Maybe you are excited by this result. Maybe not. Either way, that’s not actually our focus at the moment. What I’d like to highlight instead is that this conclusion doesn’t rest only on the variation introduced by the randomized control trial (talk about a tough sentence!). There’s an implicit assumption that the authors are making to get to this conclusion. We’ll examine this paper in greater detail later in the course when we cover mechanisms, but I think the analysis can be understood as is by breaking it into a couple of parts.

In the paper, families randomly receive an offer for a housing voucher to move to a low-poverty neighborhood. Because the offer is randomly assigned, the authors can estimate the impact of the offer on downstream outcomes like income, education, and marriage. This is fine. This is good. For the moment, don’t worry about the difference between an offer and actually moving.
The authors then compare the treatment effects between two age cohorts — children less than 13 and children between 13 and 18 — and conclude that children would benefit more by moving at a younger age.
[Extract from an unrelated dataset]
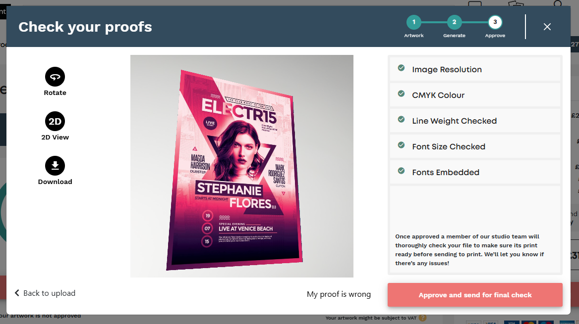 You’ll get a digital proof showing exactly how your final print will look. This is your chance to make sure everything is spot on - layout, colour, text placement - before you hit print.

Estimated Treatment Effects
But is that necessarily true? To understand whether the younger cohort benefits from a housing voucher at a younger age more than they would at an older age, we need to know how the younger group would respond to the offer if they were still in public housing at an older age and received the housing voucher offer at this older age. Re-reading that sentence again it’s clear that this latter treatment effect isn’t observed in the data.
To “get around” this missing data problem, the authors assume that the treatment effects observed for the older cohort is the same as the treatment effects of the younger cohort if they were to remain in public housing and then receiving the offer when they were older. Note, when we introduce mathematical notation later in the semester, this will be much easier to express. Bear with me! The question is — is this a good approximation?